December 16th 2012

By Davey Shafik

TAGS:
Databases

MySQL Minutiae: Table Engines

Most people know that MySQL supports different table engines, and could probably name the two most common: InnoDB (now the default) and MyISAM.

We’ve all seen the engine specified during a CREATE TABLE call, and we simply pick one of these two and go about happy.

But MySQL actually ships with seven engines enabled by default, and another which is not.

All of these engines have specific traits which make them applicable (and more importantly: the best tool) for specific tasks.

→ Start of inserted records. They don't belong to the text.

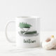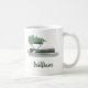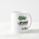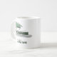Crear un regalo personalizado para Navidades para propietarios de botes pontones. Esta taza de café muestra un ilustracion de un pontón en verde y blanco con un árbol de Navidad verde atado a lo alto. Está listo para ser personalizado con el nombre de una persona o el nombre de un barco en letras de escritura verde debajo. El gráfico y el texto aparecen tanto en la parte posterior como en la parte delantera de la taza.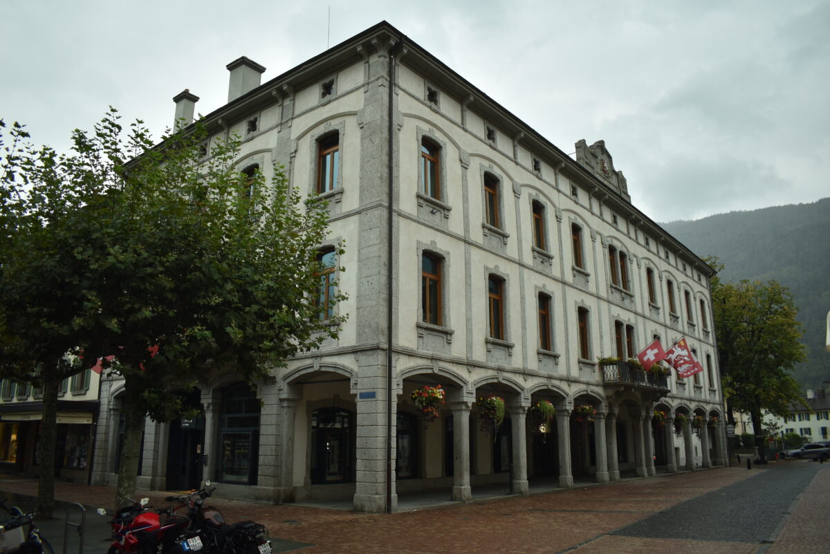 Das eigentliche Stadtzentrum liegt weiter nördlich schon im Talgrund des Rhônetals, hat eine Place Centrale und größere Verwaltungsgebäude wie das Rathaus.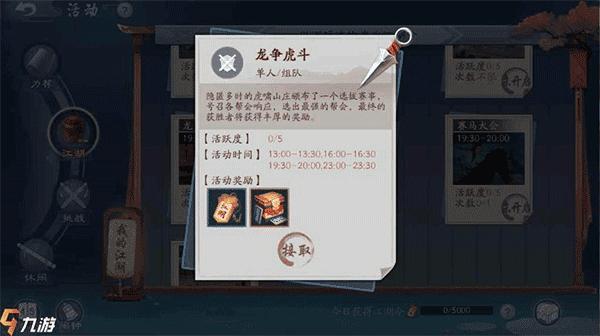 龙争虎斗活动可以获得大量的江湖令牌,但是只有在每天特定的时候才能进入,在11.30、14、30、17.30、20.30、22.30、24.30,每次都能持续半个小时。具体的进入方法是打开活动界面,接取“龙争虎斗”,然后就能传送到副本参加活动啦。在大厅中四个入口都能进入第一层,但是选择同样有时间限制,30秒内未选择会被请出大厅。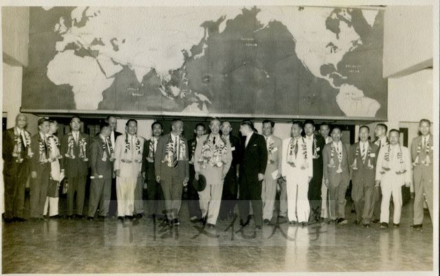 此為國防研究院第二期研究員菲律賓、泰國、越南訪問團一行25人由領隊徐培根教育長率團赴泰國進行為期四日訪問,訪問團分為軍事組與政治文教經濟組,分別拜會沙立元帥兼國務院長、國防部長他儂上將、華僑團體等政經單位首長。圖為駐泰國大使杭立武及訪問團全體學員合影景況。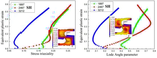 Stress triaxiality and Lode angle parameter change with equivalent plastic strain at different nodes for the SH sample.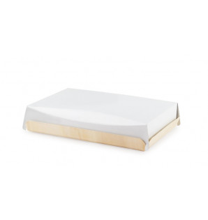 White cardboard lid to be inserted in the Madera PMB24 tray. Enables stacking and protects contents during transport. Its practical 45 mm height is ideal for generous appetizers.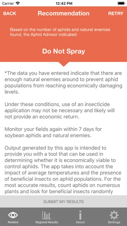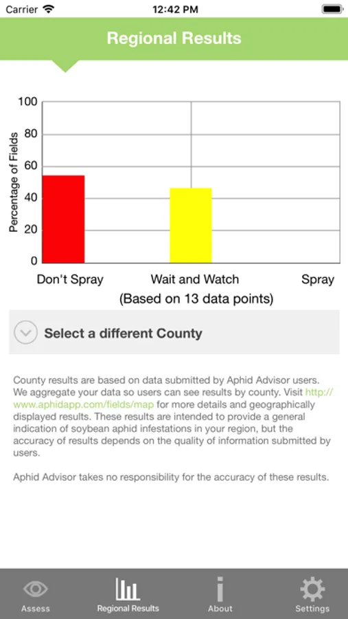 The accuracy of output generated by this app depends on the accuracy of the data submitted by users. Aphid Advisor takes no responsibility for the accuracy of these results. There are other tools and sources of information to consider before deciding what pest management action to take.

Because your MySQL could be compiled differently, you can learn what engines your MySQL server supports, and the engines current status using the SHOW ENGINES query. You may see more, or less than those listed below.

Engine
`InnoDB`	ACID compliant, supports transactions, row-level locking. _Default __since__ MySQL 5.5_.
`MyISAM`	Fast, supports FULLTEXT indexes, table-level locking. _Default __before__ MySQL 5.5_
`CSV`	Stores data as CSV text files.
`MERGE`	Allows you to aggregate multiple tables with the same schema. _(Think: `UNION`.)_
`ARCHIVE`	Compressed storage, supporting `INSERT` and `SELECT` __only__. No support for indexes.
`MEMORY`	Stores data in memory, similar to a limited `MyISAM` when it comes to feature-set.
`BLACKHOLE`	Data goes to `/dev/null`.
`FEDERATED`	__Not enabled by default__. Data is stored on a remote MySQL instance. (__Note:__ Not as cool as it sounds!)

Which Engine, When?

Just like when you make the choice between InnoDB or MyISAM, each of these engines has different purposes, strengths, weaknesses and abilities. ###InnoDB With the release of MySQL 5.5, InnoDB is now the default table engine used. It features ACID compliance, transaction support and row-level locking.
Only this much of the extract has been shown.